Sunday 28 September 2014

Weekend Baking: Gin and Tonic Cake

This is a genius idea. Make a lemon drizzle, but instead of just drizzling it with lemon, add some gin in there too. A lemon ginzle, if you will. I've run out of tonic (this is a disgrace) so mine is just gin and lemon; I used the slightly unusual Spanish gin Mother Hand brought me back from one of her holidays in the cake, and Gordon's Elderflower Gin for the ginzle. It was that or Sipsmith and I couldn't bear to use that for baking.

It's quite potent. I'm not really sure whether I should be taking it to work, to be honest, but I'm sure the staff will thank me for it.

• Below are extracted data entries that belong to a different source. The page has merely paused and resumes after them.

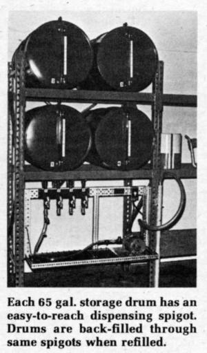 Handiest system we've seen for storing and dispensing lubricants is the Chief Storage Center, from Sauk Valley Equipment Co., Rock Falls, Ill. It lets you store from 4 to 36 speciallybuilt 65 gal. storage drums, each equipped with a dispensing spigot, on a permanent wall rack.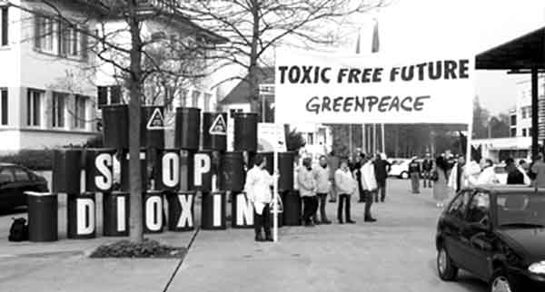La participation des ONG aux politiques écologiques mondiales est désormais la norme; des ONG comme Greenpeace peuvent sensibiliser le public aux problèmes et faire pression sur les gouvernements pour qu'ils prennent des mesures: ci-dessus, manifestants hostiles aux substances toxiques, à l'extérieur des négociations pour la Convention sur les polluants organiques persistants, à Bonn (Allemagne)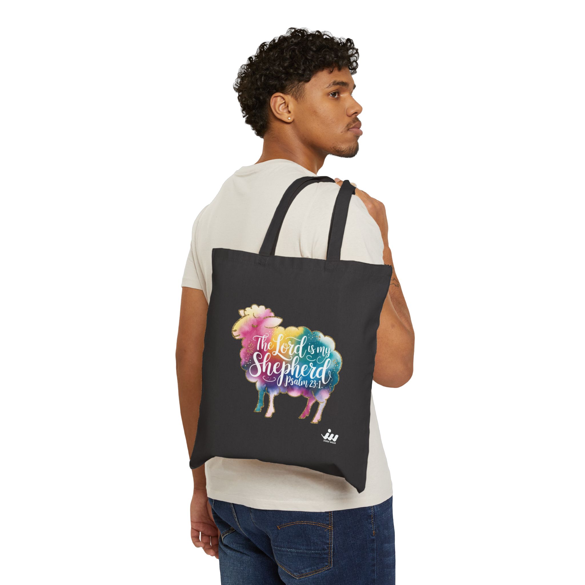Carry a quiet reminder of comfort and guidance wherever you go. This cotton canvas tote brings a soft, watercolor sheep motif with the phrase “The Lord is my Shepherd” into everyday life. The artwork’s gentle hues sit against a natural or black canvas, lending a calm, contemplative accent to grocery runs, church gatherings, or slow weekend strolls. It feels sturdy in your hand, sits flat when you set it down, and wears well with repeated use — a useful companion for someone who likes to carry their faith as simply and beautifully as they carry their things.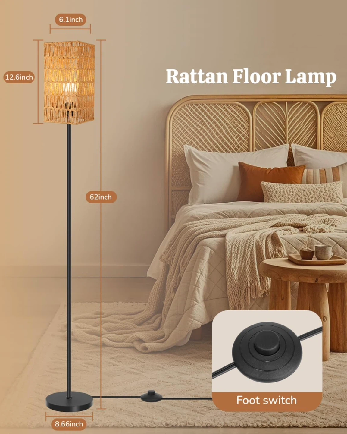 103Finish type Painted Base material Metal Bulb base E26 Product Dimensions 22D x 22W x 158H Centimetres Item weight 2.46 Kilograms Lamp type Floor Lamp Handwoven Ratan Shade: Our rattan floor lamp features a meticulously handwoven rattan shade, ensuring superior craftsmanship and durability compared to mass-produced alternatives. This standing lamp is designed to be the suitable size, making it ideal for any corner or narrow space without taking up too much visual space. Perfect for living room, Bedroom, Office 3-Way Dimmable & LED Bulb Included: This floor lamp for living room includes a energy-efficient 9W LED bulb, offering three adjustable eye-caring color temperatures (3000K warm white, 4000K cool white, 6000K daylight) to adapt to various activities like reading, relaxing, or working. The convenient foot switch allows effortless brightness adjustment without bending down Sturdy Metal Base: The floor lamp is built with a robust black metal base that provides exceptional stability. Unlike small base and wobbly thin-pole designs, it is firm in place, making this standing lamps ideal for homes with kids/pets Versatile Style Compatibility: Designed with a black metal frame and a natural rattan shade, this tall lamp effortlessly blends into Bohemian, rustic farmhouse, Japanese-inspired, and vintage interior themes. Whether placed beside a sofa in the living room or creating a cozy corner in the bedroom, this lampe sur pied pour salon adds a warm, inviting ambiance to any space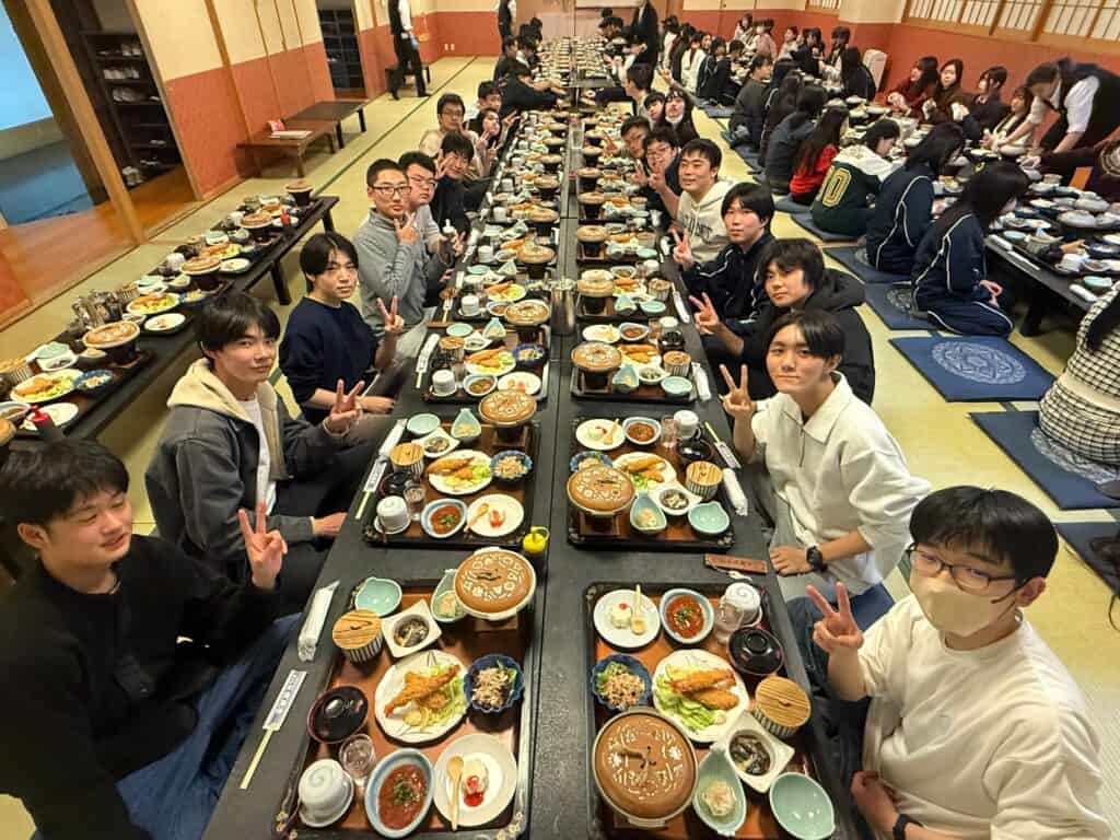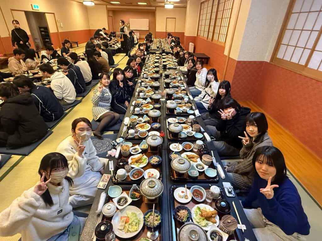 午後はバスで小樽方面へ移動し、朝里川温泉の旅館に到着しました。旅館では、みんなで食事を楽しむ姿が見られました。また、温泉にゆっくりと浸かり、ここまでの疲れを癒しながら、心身ともにリラックスすることができたようです。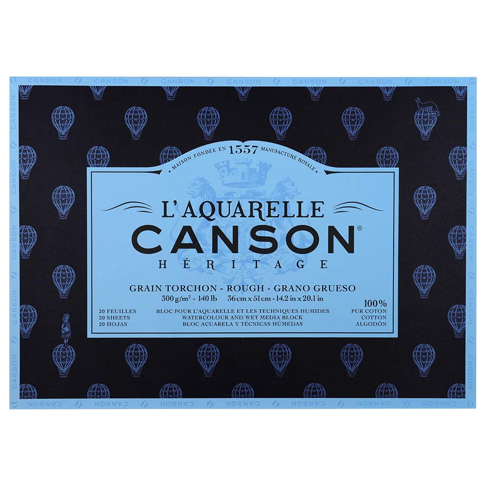 Canson Héritage Cotton 300 GSM Rough 36 x 51 cm Paper Block(White, 20 Sheets)

The ingredients thing is a bit odd. I did rummage around the internet looking for an alternative because who has ever heard of weighing your ingredients to equal the mass of the eggs? In the end, though, I decided it was pretty arrogant not to give it a whirl and it works beautifully. My four eggs handily weighed 250g so it was quite straightforward, especially with the butter.

4 eggs
Butter
Caster Sugar
Plain flour
Baking powder
2 lemons
200ml gin
Dash of tonic (if you've got any in)
150g caster sugar, for the ginzle

Weigh the eggs. Measure out that amount of butter and sugar; beat until pale and fluffy. Beat in the eggs. Fold in that weight of flour and baking powder. Grate in the rind of the lemons and fold this in too. Add the juice of one lemon and about half the gin. This will look pretty dodgy, especially to begin with, because it's a lot of liquid, but it's ok.

Turn into a prepared loaf tin and bake for 45 minutes at 180 degrees until a skewer comes out clean. Meanwhile combine the remaining gin with the juice of the other lemon and the sugar (you'll see the original uses granulated but I only had caster). When the cake comes out, leave to cool briefly, then skewer all over and pour over most of the ginzle. Leave to cool in the tin. If you don't use lazy silicone bakeware like me, you might want to turn it out, remove the paper and put it back in the tin to ensure it (a) doesn't stick and (b) doesn't dissolve your lining paper into the cake.

When completely cool, turn out onto a serving plate and spoon over the rest of the ginzle.

I think I might try this with limes next time.

1 comment:

Jenny said...

My gran taught me to make a sponge using the mass of the eggs. It always works really well. I think it was easier when you were using a balance rather than scales like we have now.